The operator will only run the exclude command if it is safe to run it. The safety checks are defined in the status_checks.go file and includes the following checks:

• There is a low number of active generations.
• The cluster is available from the client perspective.
• The last recovery was at least MinimumRecoveryTimeForExclusion seconds ago.

The MinimumRecoveryTimeForExclusion parameter can be changed with the --minimum-recovery-time-for-exclusion argument and the default is 120.0 seconds. Having a wait time between the exclusions will reduce the risk of successive recoveries which might cause issues to clients.

The same is true for the include operation with the difference that MinimumRecoveryTimeForInclusion is used to determine the minimum uptime of the cluster. The MinimumRecoveryTimeForInclusion parameter can be changed with the --minimum-recovery-time-for-inclusion argument and the default is 600.0 seconds. The operator will batch all outstanding inclusion together into a single include call.

UpdateStatus (again)

Once we have completed all other steps in reconciliation, we run the UpdateStatus subreconciler a second time to check that everything is in the desired state. If there is anything that is not in the desired state, the operator will requeue reconciliation.

Backup Reconciliation

The backup reconciler runs the following subreconcilers:

1. UpdateBackupStatus
2. UpdateBackupAgents
3. StartBackup
4. StopBackup
5. ToggleBackupPaused
6. ModifyBackup
7. UpdateBackupStatus (again)

UpdateBackupStatus

The UpdateBackupStatus subreconciler is responsible for updating the status field on the backup to reflect the running state. This is used to give early feedback of what needs to change to fulfill the latest generation and to front-load analysis that can be used in later stages. We run this twice in the reconciliation loop, at the very beginning and the very end. The UpdateBackupStatus subreconciler is responsible for updating the generation status.

UpdateBackupAgents

The UpdateBackupAgents subreconciler is responsible for creating and updating the deployment for running the backup_agent processes.

StartBackup

The StartBackup subreconciler is responsible for starting a backup. If a backup is supposed to be running, but the database status reports no ongoing backup, this will run the start command in fdbbackup.

StopBackup

The StopBackup subreconciler is responsible for stopping a backup. If a backup is not supposed to be running, but the database status reports an ongoing backup, this will run the stop command in fdbbackup.

ToggleBackupPaused

The ToggleBackupPaused subreconciler is responsible for pausing and unpausing a backup. Pausing a backup means that the backup will be configured in the cluster, but the backup agents will not do any work. If the desired state of the backup is Paused, and the backup is not paused, this will run the pause command in fdbbackup. If the desired state of the backup is Running, and the backup is paused, this will run the resume command in fdbbackup.

ModifyBackup

The ModifyBackup command ensures that any properties that can be configured on a live backup are configured to the values in the backup spec. This will run the modify command in fdbbackup to set the properties from the spec.

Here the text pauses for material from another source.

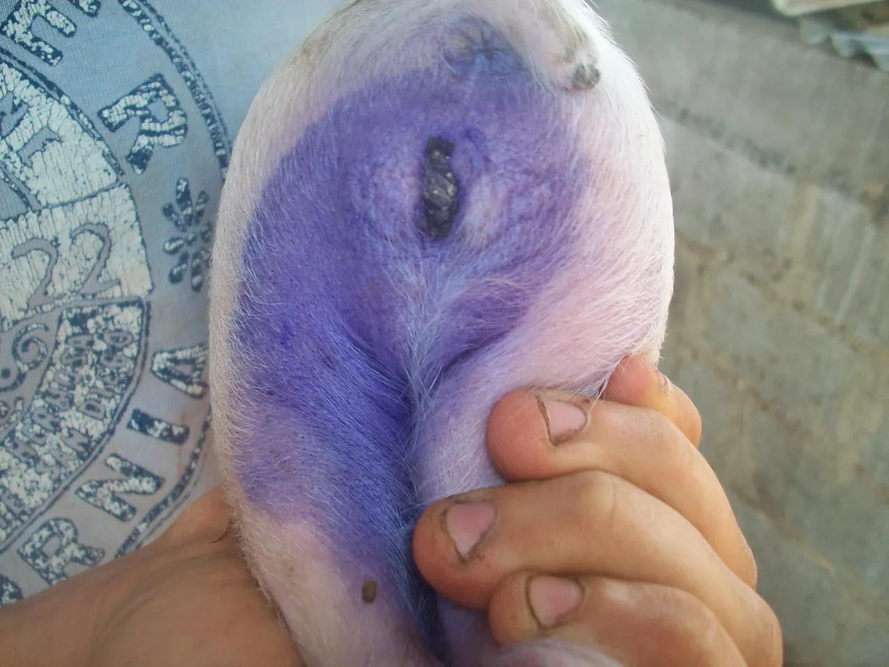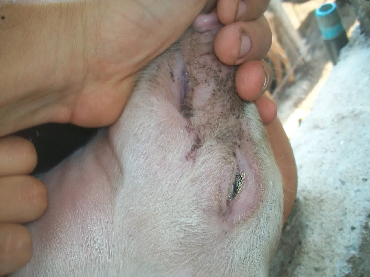 - Una vez extraído todo, se deba abierta la herida para que drene todo el líquido y antes de soltar al cerdo, se le coloca el iodo o algún antiséptico, para eliminar las bacterias y evitar que se sienten moscas a poner larvas.

Currently, this only supports the snapshotPeriodSeconds property.

UpdateBackupStatus (again)

Once we have completed all other steps in reconciliation, we run the UpdateBackupStatus subreconciler a second time to check that everything is in the desired state. If there is anything that is not in the desired state, the operator will requeue reconciliation.

Restore Reconciliation

The restore reconciler runs the following subreconcilers:

1. StartRestore

StartRestore

The StartRestore subreconciler starts a restore. If there is no active restore, this will run the start command in fdbrestore.

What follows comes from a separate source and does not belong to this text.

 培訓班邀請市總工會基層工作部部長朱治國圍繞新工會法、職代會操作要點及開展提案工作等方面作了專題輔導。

Interaction Between the Operator and the Pods

The operator communicates with processes running inside the FoundationDB pods at multiple stages in the reconciliation flow. The exact flow will depend on whether you are using split images (which is the current default) or unified images.

Split Image

When using split images, the foundationdb container runs a fdbmonitor process, which is responsible for starting the fdbserver processes. fdbmonitor receives its configuration in the form of a monitor conf file, which contains the start command and arguments for the fdbserver process. This configuration can vary based on dynamic information like the node where the pod is running, so the operator provides a templated configuration file, which contains placeholders that are filled in based on the environment variables. That templating process is handled by the sidecar process in the foundationdb-kubernetes-sidecar container. The sidecar also provides an HTTP API for getting information about the state of the configuration in the pod. The sidecar mounts the config map containing dynamic conf as its input directory, and shares an emptyDir volume with the foundationdb container where it can put its output.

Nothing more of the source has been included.